It has been held that "novel circumstances and arguments" may constitute cause for failing to excuse procedural default. InReed v. Ross, 468 U.S. 1 (1984), "the Supreme Court recognized that cause may exist when the claim raised is so novel that there was no reasonable basis to have asserted it at the time of a petitioner's state appeals." McKinnon v. Lockhart, 921 F.2d 830, 833 (8th Cir. 1990) (citing Reed, 468 U.S. at 16). However, "[if] the `tools were available' for a petitioner to construct the legal argument at the time of the state appeals process, then the claim cannot be said to be so novel as to constitute cause for failing to raise it earlier." Id. (citingLeggins v. Lockhart, 822 F.2d 764, 766 (8th Cir. 1987).

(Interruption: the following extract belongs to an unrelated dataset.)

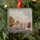 Ornement Carré Argenté Figures patinage dans un paysage d'hiver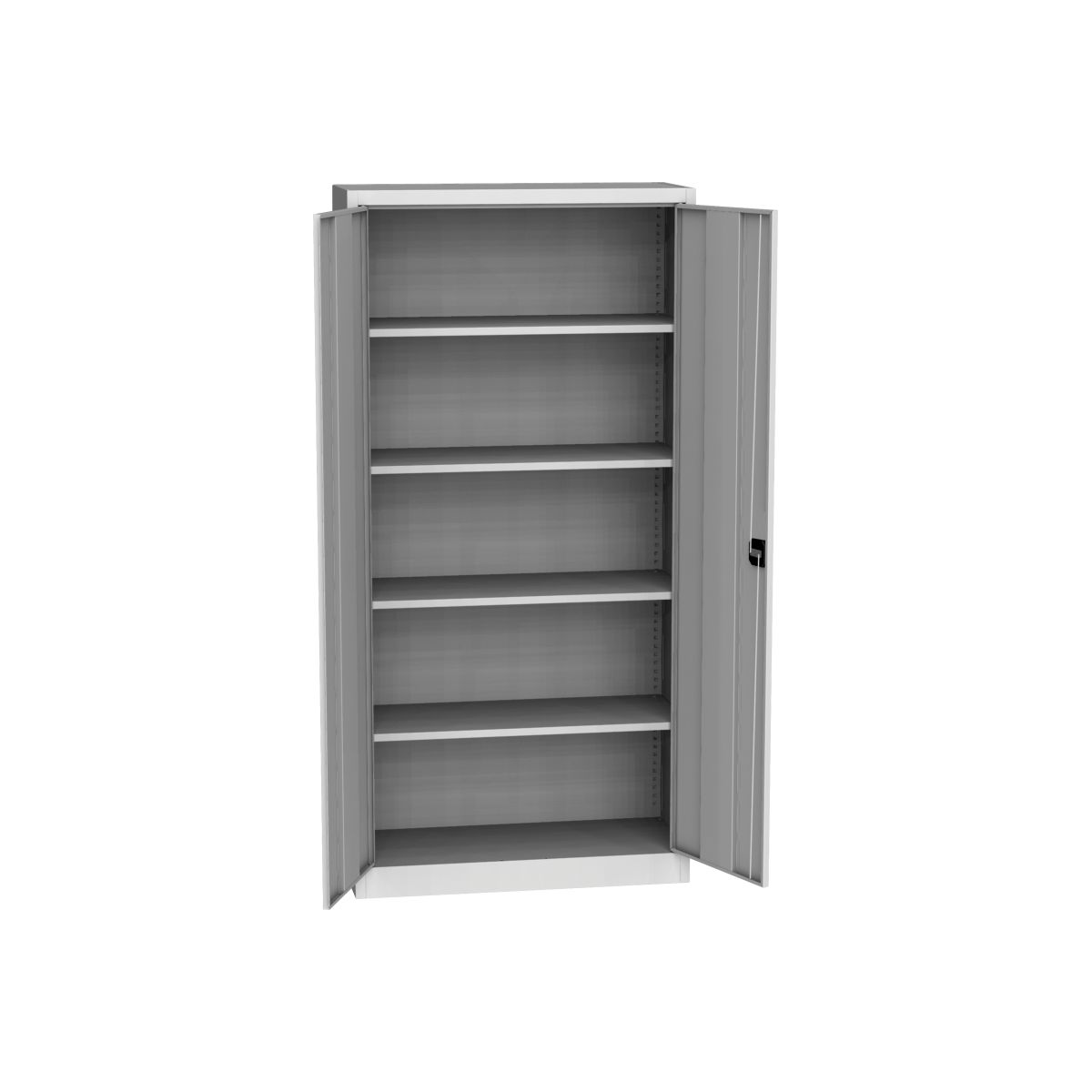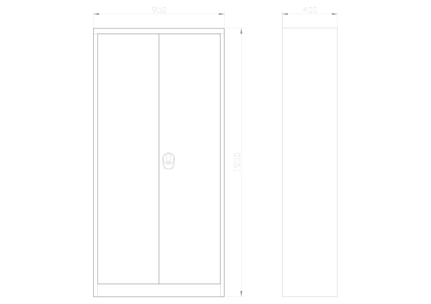 1950x950x400 mm (H×W×D), welded construction, 4 painted shelves, height-adjustable, load capacity 60 kg per shelf, two-point locking system, cylinder lock with rotating handle, cabinet doors reinforced in the center, body/doors RAL 7035 light grey, powder-coated

In regard to the "prejudice" component of "cause and prejudice," as discussed above, "actual prejudice" is required to overcome the procedural bar. Zinzer v. Iowa, 60 F.3d 1296, 1299 (8th Cir. 1995). "Prejudice, within the meaning of [the ineffective assistance of counsel standard of Strickland v. Washington, 466 U.S. 668 (1984)] occurs when appellate counsel's deficient performance renders the result of the direct appeal unreliable or fundamentally unfair." Id. The Eighth Circuit, however, holds that the "`prejudice' component of `cause and prejudice' [necessary to excuse procedural default] is analytically distinct from the Strickland prejudice." Id. at 1299 n. 7. The "`actual prejudice' required to overcome the procedural bar must be a higher standard than the Strickland prejudice required to establish the underlying claim for ineffective assistance of counsel." Id. (citing United States v. Frady, 456 U.S. 152, 165-68 (1982) (holding that to obtain habeas relief on a defaulted claim, a petitioner must clear a significantly higher hurdle than would exist on direct appeal).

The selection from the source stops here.